TASK OBJECTIVE: Exact reproductions of all the entries, please, and no pictures.

THE INPUT:
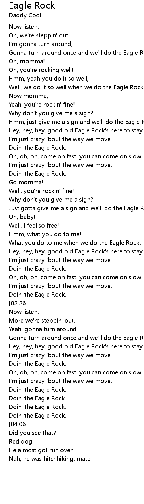 Hey, hey, hey, good old Eagle Rock's here to stay, |
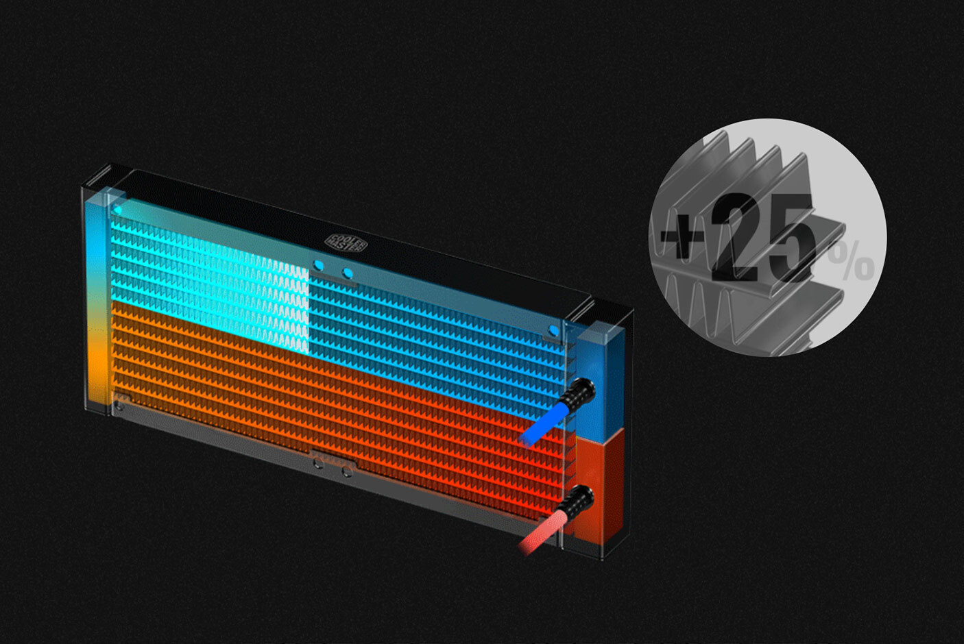 Όσο μεγαλύτερη είναι η επιφάνεια τόσο καλύτερη και ταχύτερη είναι η απομάκρυνση της θερμότητας. Για καλύτερη απόδοση ψύξης, η Cooler Master αύξησε την επιφάνεια του ψυγείου κατά 25% σε σύγκριση με το παρελθόν ή σε σύγκριση με άλλες λύσεις.
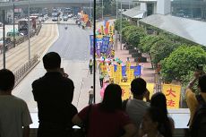 ![]() 庆祝大游行的队伍走在港岛区的主要道路上 |
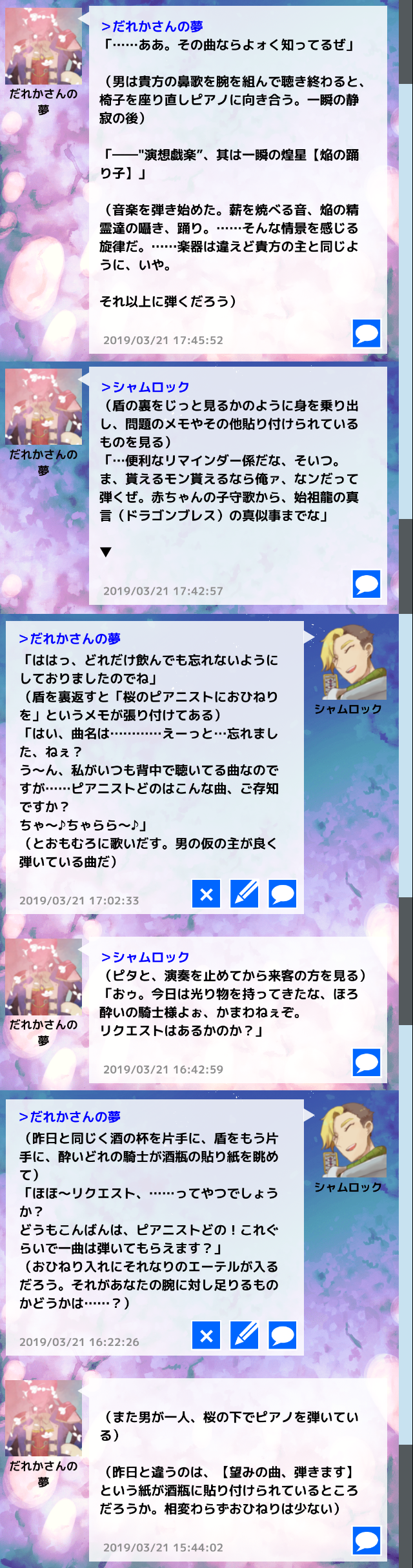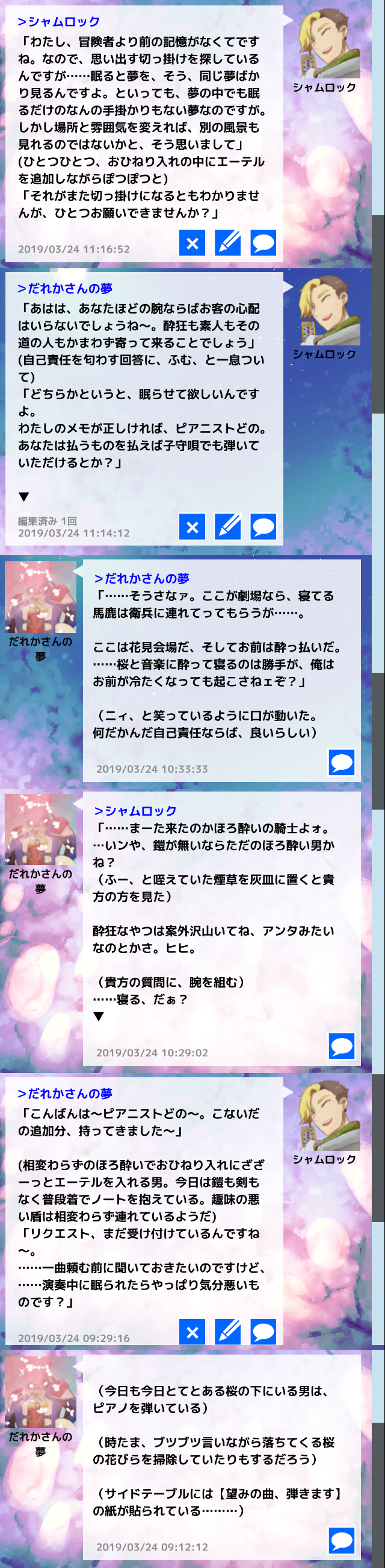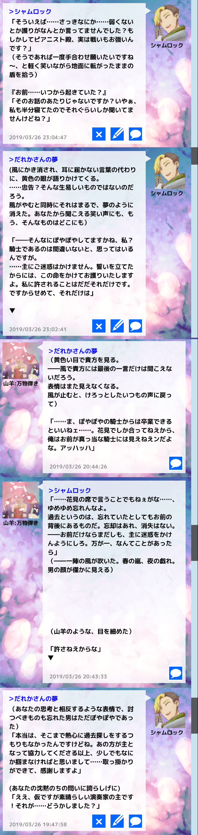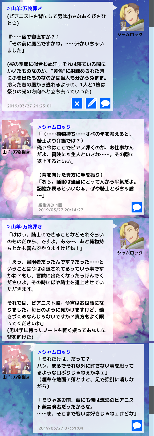 コメントへ ▲またまた別の日、同じ場所にて▲ ▲また別の日、同じ場所にて▲ オペラルさんの旦那さんが期間限定で実装されるらしいとのうわさを聞きつけてダッシュで話しかけにいった思い出。旦那さんめっちゃいいキャラなさってるでしょ……ファンです……最初は山羊だということは伏せられていたので、4/1に近づくにつれお名前が変わっていったりしてぞくぞくしました。この間オペラルさんは職場に帰ってらっしゃるということで、ひたすらテッペキと一緒に花見会場を酔っぱらいながらブラつくシャムでした。要は寂しいのだ。そして記憶の底から「討つべきを討て」というワードを引っ張り出してもらうのでした。つづきます
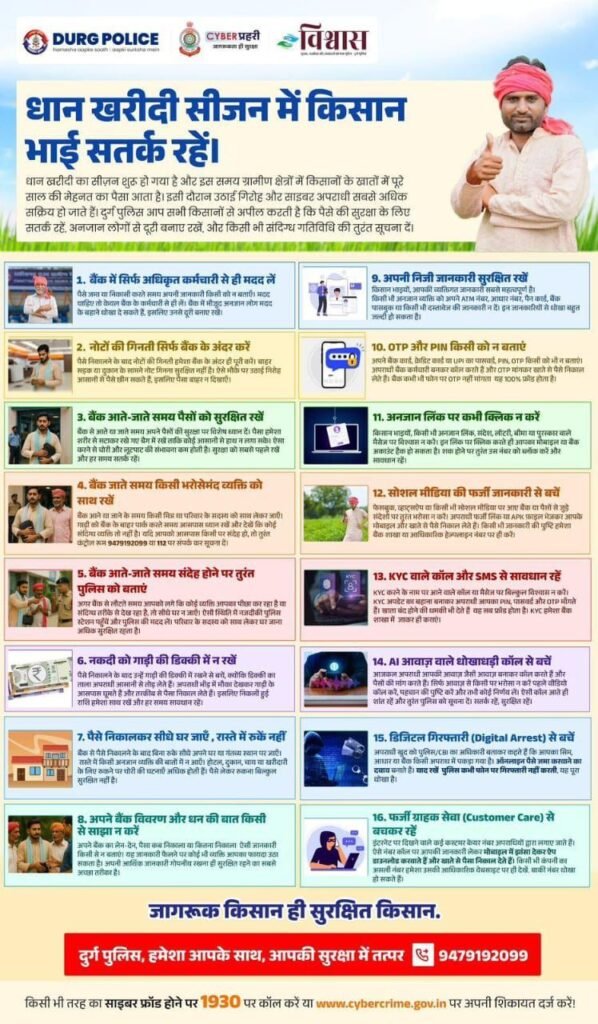 धान खरीदी सीजन में किसानों की आर्थिक सुरक्षा सर्वोपरि — दुर्ग पुलिस ने जारी किया जागरूकता पोस्टर, किसान भाइयों से सतर्क रहने की अपील

EXERCISE OUTPUT:
 Hey, hey, hey, good old Eagle Rock's here to stay, |
 Όσο μεγαλύτερη είναι η επιφάνεια τόσο καλύτερη και ταχύτερη είναι η απομάκρυνση της θερμότητας. Για καλύτερη απόδοση ψύξης, η Cooler Master αύξησε την επιφάνεια του ψυγείου κατά 25% σε σύγκριση με το παρελθόν ή σε σύγκριση με άλλες λύσεις.
 ![]() 庆祝大游行的队伍走在港岛区的主要道路上 |
 コメントへ ▲またまた別の日、同じ場所にて▲ ▲また別の日、同じ場所にて▲ オペラルさんの旦那さんが期間限定で実装されるらしいとのうわさを聞きつけてダッシュで話しかけにいった思い出。旦那さんめっちゃいいキャラなさってるでしょ……ファンです……最初は山羊だということは伏せられていたので、4/1に近づくにつれお名前が変わっていったりしてぞくぞくしました。この間オペラルさんは職場に帰ってらっしゃるということで、ひたすらテッペキと一緒に花見会場を酔っぱらいながらブラつくシャムでした。要は寂しいのだ。そして記憶の底から「討つべきを討て」というワードを引っ張り出してもらうのでした。つづきます
 धान खरीदी सीजन में किसानों की आर्थिक सुरक्षा सर्वोपरि — दुर्ग पुलिस ने जारी किया जागरूकता पोस्टर, किसान भाइयों से सतर्क रहने की अपील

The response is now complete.